Wartdawg wrote: Move on is right.
If he plays again for us, he does... if he doesn't, he doesn't.
One thing I am not forgetting here is that while the NCAA is a corrupt power hungry pile
of hypocritical hippo dung.... Todd Gurley did this to himself and the team, knowing full well it was a violation.
Gnash all the teeth we want, wear your discontinued "Free Gurley" shirts.. cheer like mad if he's ever on a field again for us, call me names for daring say things like this instead of portraying him as an innocent victim.. whatever, but that is a fact.
Gurley was special....., but Chubb is far from ordinary. We win and lose not based on this one
player.
Maybe I am missing the point, but it never hurts to look at more than what the athlete did or did not do. Yes Gurley knew, little doubt about that. That information (all of it) I would bet was sent to the NCAA through the efforts of Georgia officials involved with this.
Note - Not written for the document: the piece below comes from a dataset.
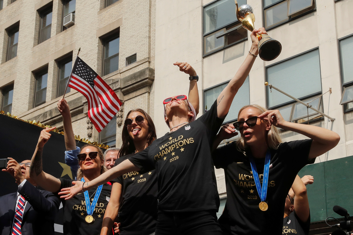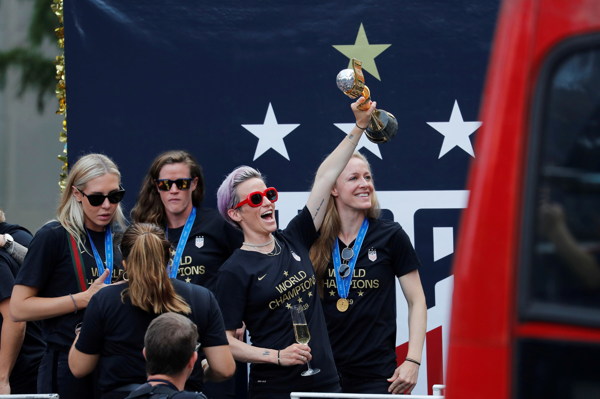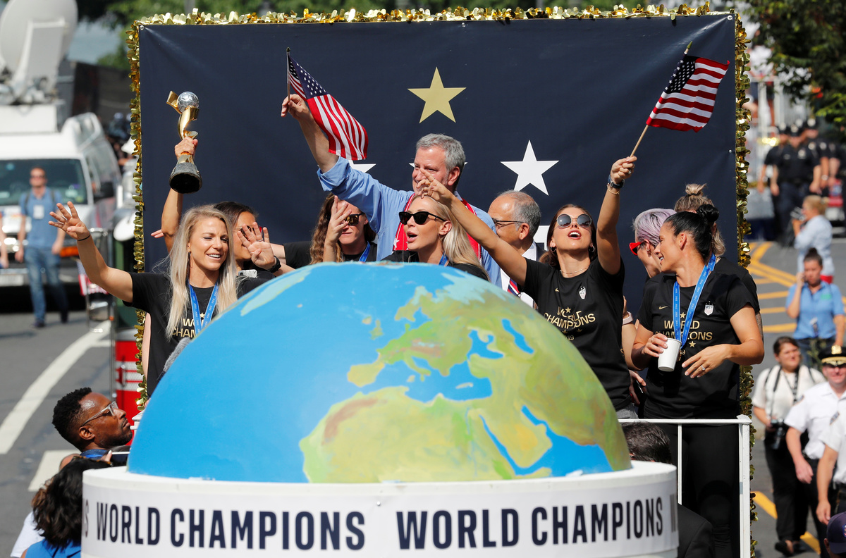 NEW YORK (Reuters) - Amid confetti and chants of "equal pay," New York honoured the U.S. women's soccer team on Wednesday with a ticker-tape parade up the "Canyon of Heroes," celebrating its World Cup triumph and hailing the players' emergence as icons of women's rights.

Move on to me is in a way saying, everything that can be done has been done. In this particular case, the Gurley/Georgia case leads me to this question. Why did it take the NCAA, Emmert in particular the length of time that it did to conclude Gurley's "knowing he messed up"? That is showing "power", when actuality it is a failure of leadership. Gurley failed, NCAA has failed for generations. Reminds me a bit of the current things that are going on with the IRS. People scared to death of the IRS, that in the not too distant past was the same situation with the NCAA, universities scared to death of the NCAA.
Speaking for myself, not going to have some half hearted folks not being questioned by me or boards like this one and others that simply want a level playing field. Out of site, out of mind, not where I come from.